CacheTableAsSelectExec Physical Operator¶
CacheTableAsSelectExec is a BaseCacheTableExec physical operator that represents CACHE TABLE SQL command (as a CacheTableAsSelect logical operator) at execution.
CACHE [LAZY] TABLE identifierReference
[OPTIONS key=value (, key=value)*]
[[AS] query]
When executed, CacheTableAsSelectExec uses CreateViewCommand logical operator followed by SparkSession.table operator to create a LogicalPlan to cache.
In other words, CacheTableAsSelectExec is a shorter version (shortcut) of executing CREATE VIEW SQL command (or the corresponding Dataset operators, e.g. Dataset.createTempView) followed by CACHE TABLE (that boils down to requesting the session-wide CacheManager to cache this LogicalPlan to cache).
Creating Instance¶
CacheTableAsSelectExec takes the following to be created:
- The name of the temporary view
- The LogicalPlan of the query
- Original SQL Text
-
isLazyflag - Options (
Map[String, String]) - Referred temporary functions (
Seq[String])
CacheTableAsSelectExec is created when:
- DataSourceV2Strategy execution planning strategy is executed (to plan a
CacheTableAsSelectlogical operator)
Relation Name¶
relationName is this name of the temporary view.
LogicalPlan to Cache¶
BaseCacheTableExec
planToCache: LogicalPlan
planToCache is part of the BaseCacheTableExec abstraction.
Lazy Value
planToCache is a Scala lazy value to guarantee that the code to initialize it is executed once only (when accessed for the first time) and the computed value never changes afterwards.
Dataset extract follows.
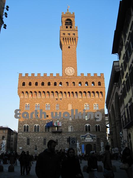 この建物はヴェッキオ宮殿(Palazzo Vecchio)といって現在も市庁舎として利用されているそうです。しかも、レオナルド・ダ・ヴィンチの幻の壁画「アンギアーリの戦い」が500人大広間にあるヴァザーリの壁画の裏側に隠されているそうです。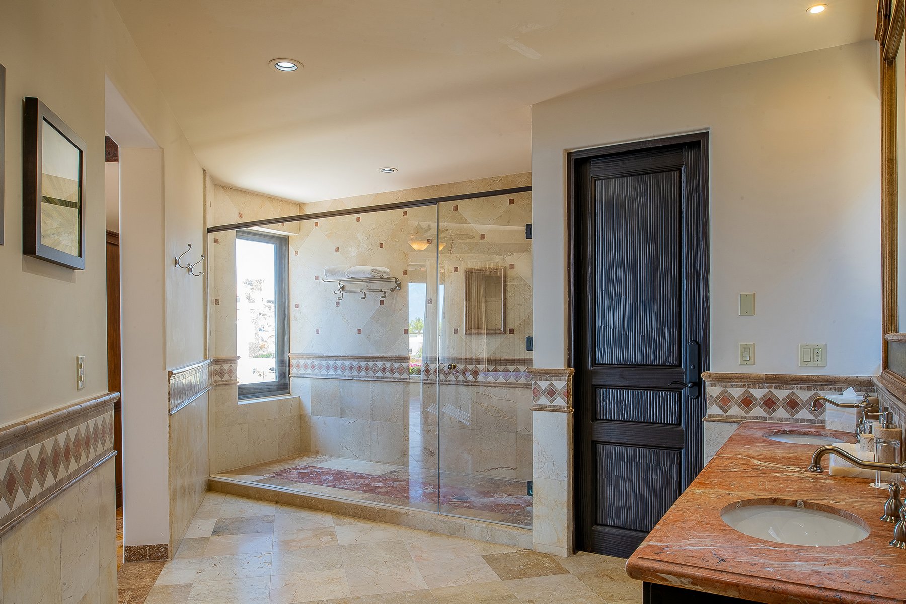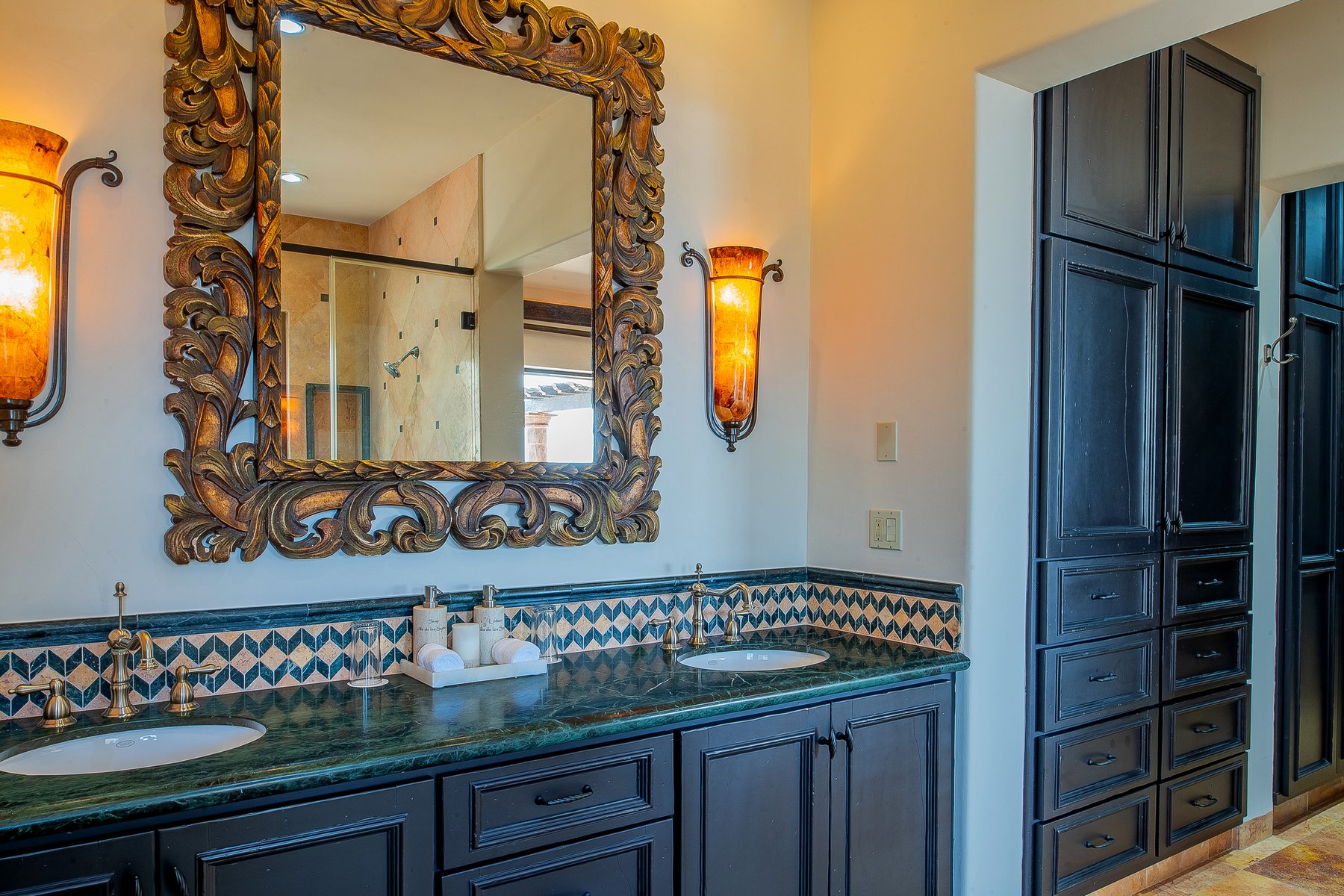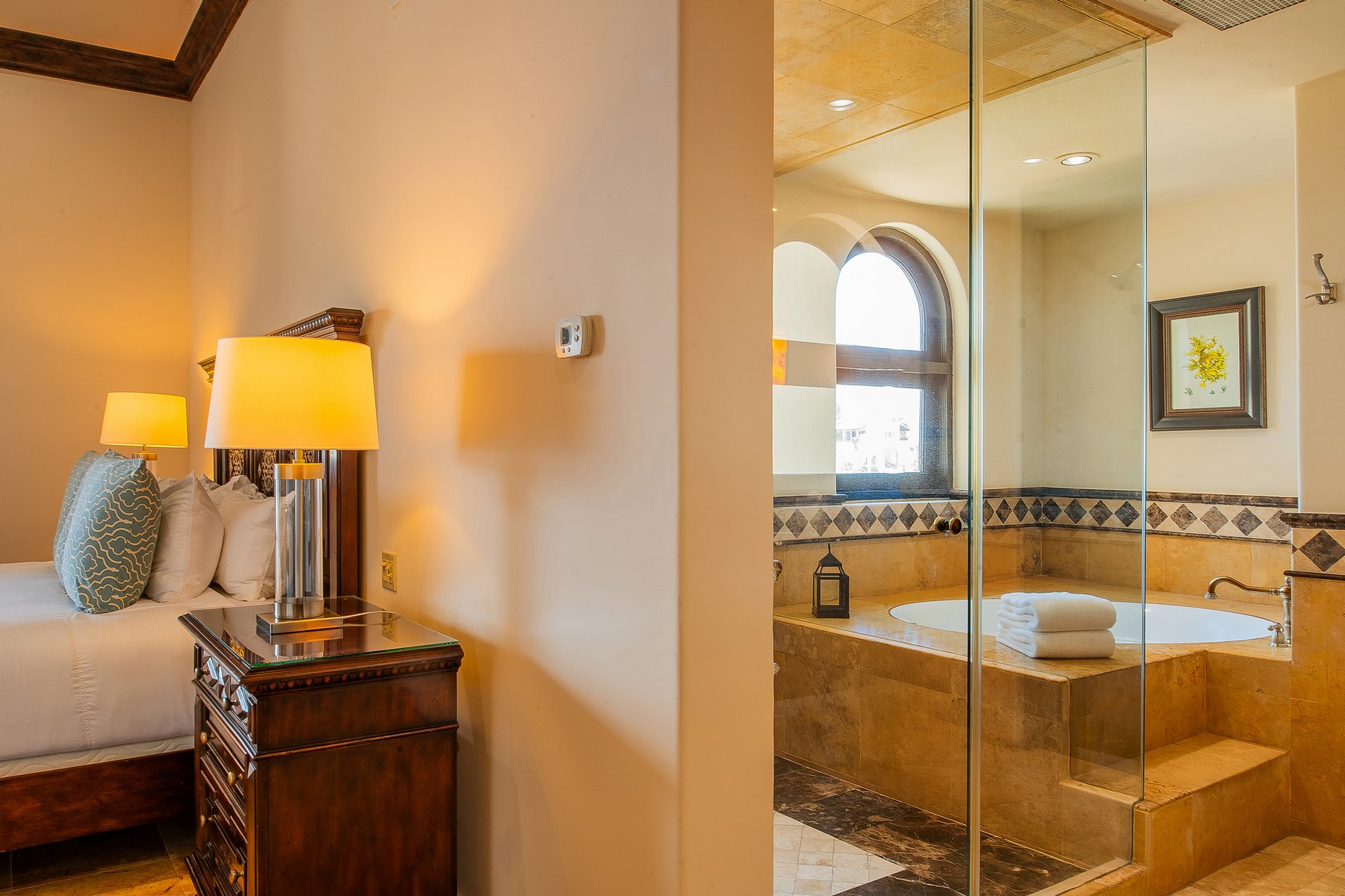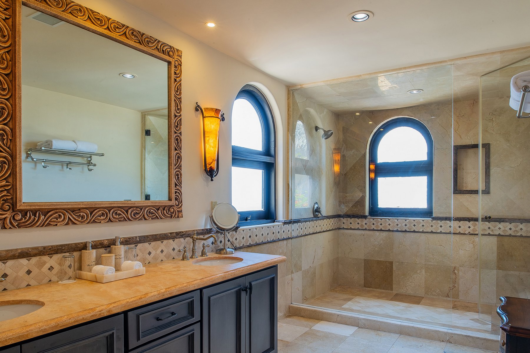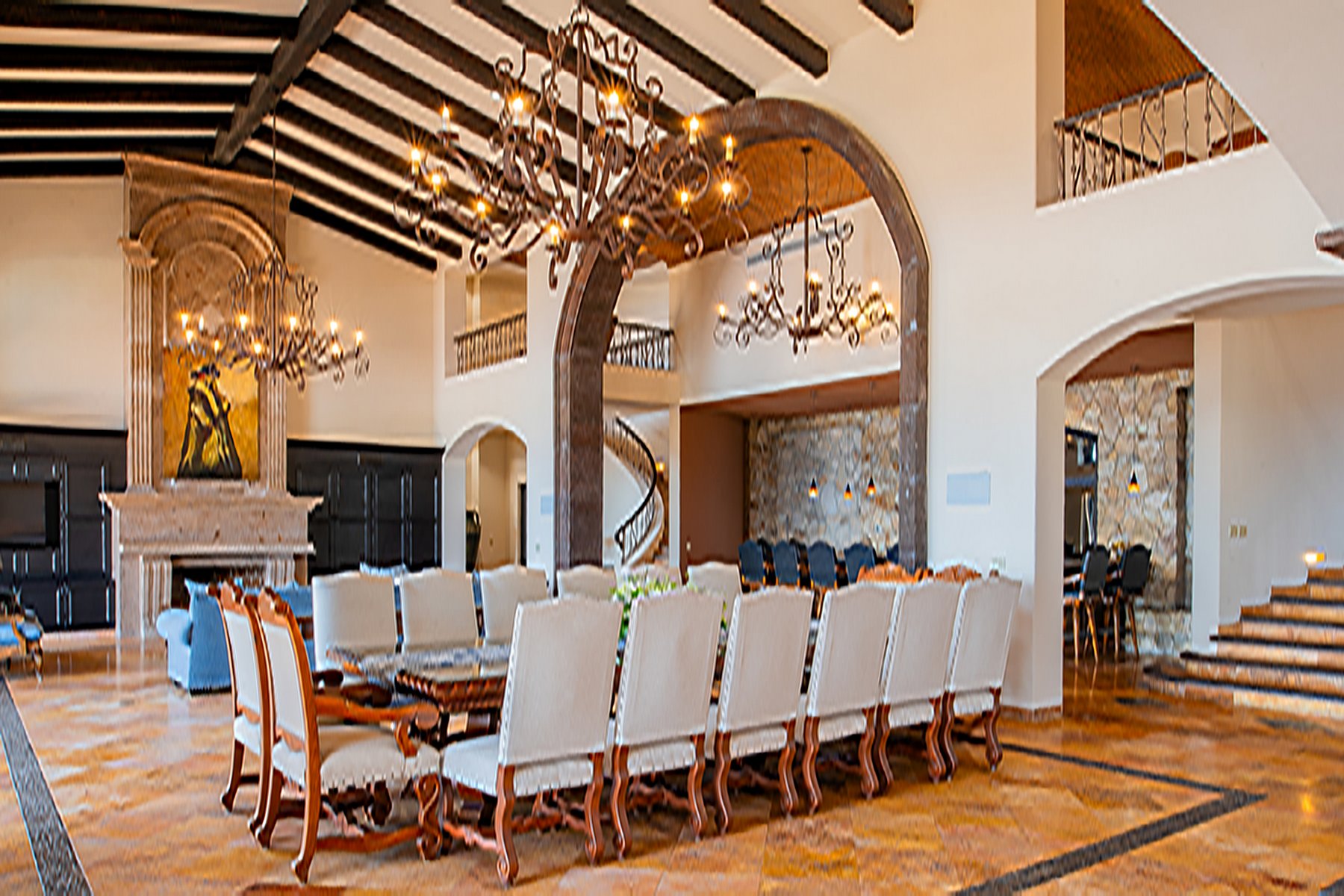 Villa de los Sueños is an eight-bedroom villa rental in the gated Pedregal community of Cabo San Lucas — 11,000 square feet of Spanish hacienda architecture adjacent to downtown and the marina, with Pacific Ocean views from an elevation that keeps the property above the main activity while remaining minutes from it. Eight bedrooms, nine baths, and eighteen guests across cream-colored walls, marble flooring, granite and marble countertops, and colonial-palace architectural details that carry through every room.

Learn more in the Scala Language Specification.
planToCache creates a CreateViewCommand logical operator that is immediately executed.
CreateViewCommand
| CreateViewCommand | Value |
|---|---|
| Table name | this name |
| Original Text | this original text |
| Logical query plan | this query |
| ViewType | LocalTempView |
In the end, planToCache requests the dataFrameForCachedPlan for the logical plan.
dataFrameForCachedPlan¶
BaseCacheTableExec
dataFrameForCachedPlan: DataFrame
dataFrameForCachedPlan is part of the BaseCacheTableExec abstraction.
Lazy Value
dataFrameForCachedPlan is a Scala lazy value to guarantee that the code to initialize it is executed once only (when accessed for the first time) and the computed value never changes afterwards.
Learn more in the Scala Language Specification.
dataFrameForCachedPlan uses SparkSession.table operator to create a DataFrame that represents loading data from the temporary view.